No episódio da advocacia administrativa em defesa do apartamento de Geddel Vieira Lima, contra a posição do Iphan e do Ministério da Cultura, o presidente Michel Temer cometeu um flagrante crime de responsabilidade. Resta saber se será realmente punido, na forma da lei e da Constituição, pela conduta reprovável, que motivaria o seu impedimento.
Relembrando o caso: Geddel Vieira Lima, ex-ministro-chefe da Secretaria de Governo, procurou o então ministro da Cultura, Marcelo Calero, para solicitar sua intervenção no Instituto do Patrimônio Histórico e Artístico Nacional (Iphan) em defesa da construção do prédio de luxo La Vue, projetado para ser implantado na Baía de Todos os Santos, em Salvador (BA). Detalhe: Geddel Vieira Lima é dono de um dos apartamentos deste edifício, adquirido ainda na planta e avaliado em R$ 2,6 milhões. O Iphan embargou a obra alegando que o projeto afeta a paisagem protegida pela legislação do patrimônio nacional.
Temer tentou minimizar, alegando ser um problema pequeno. Certamente está acostumado com condutas muito mais cabeludas
Geddel Vieira Lima pediu a Marcelo Calero que fizesse a revisão da decisão do Iphan e liberasse a obra. Fazer uso de cargo público para defender um interesse estritamente particular é um crime, definido na lei como “advocacia administrativa”. A punição imposta para esse tipo de crime é irrisória, mas não deixa de ser uma conduta reprovável. Deveria merecer sanções mais severas. De todo modo, ao receber o pedido indecente, Marcelo Calero procurou o presidente da República, e pediu a ele que fizesse Geddel parar de pressionar em defesa de seus próprios interesses particulares. O presidente, entretanto, devolveu ao ex-ministro da Cultura o pedido de Geddel. Falou que a negativa do Iphan estaria criando dificuldades operacionais no governo federal.
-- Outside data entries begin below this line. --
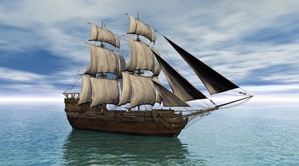 Sailing ship on a calm ocean, 3d digitally rendered illustration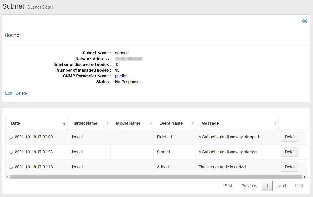 | Edit | Opens the Edit Subnet page for the subnet. |
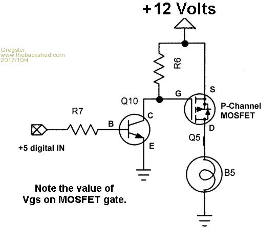 HOWEVER: you need a P-channel device for the circuit as shown, Dr.Google suggests a BS250., but you might like to hunt around for a more modern device if you are going to have to get one in specially - lower RDS, better VThresh etc.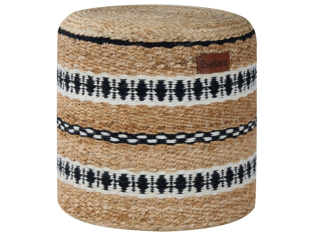 Pouffe Beige Jute and Wool EPS Filling Ottoman Footstool Living Room Boho Style Beliani

A conduta de Michel Temer é contrária à lei e tipificada como crime de responsabilidade, na forma da Lei 1.079/50. O artigo 9.º, número 3, por exemplo, define que é crime de responsabilidade: “não tornar efetiva a responsabilidade dos seus subordinados, quando manifesta em delitos funcionais ou na prática de atos contrários à Constituição”. Mais cristalino ainda é o artigo 11, número 5: “negligenciar a arrecadação das rendas, impostos e taxas, bem como a conservação do patrimônio nacional”.
Na quinta-feira, o presidente divulgou uma nota, lida pelo porta-voz, na qual esclarecia os fatos denunciados por Marcelo Calero à Polícia Federal e que motivaram a demissão de Geddel Vieira Lima, depois de dias sangrando. No “esclarecimento” do presidente da República encontramos a confissão do crime. Temer sugeriu que o assunto fosse “mediado” pela Advocacia-Geral da União (AGU). Mas, afinal, como pode a AGU mediar o conflito entre a defesa da lei e a advocacia administrativa banalizada? O assunto não é passível de mediação, e sim de sindicância e punição. Temer tentou minimizar, alegando ser um problema pequeno. Certamente está acostumado com condutas muito mais cabeludas, ainda desconhecidas da opinião pública.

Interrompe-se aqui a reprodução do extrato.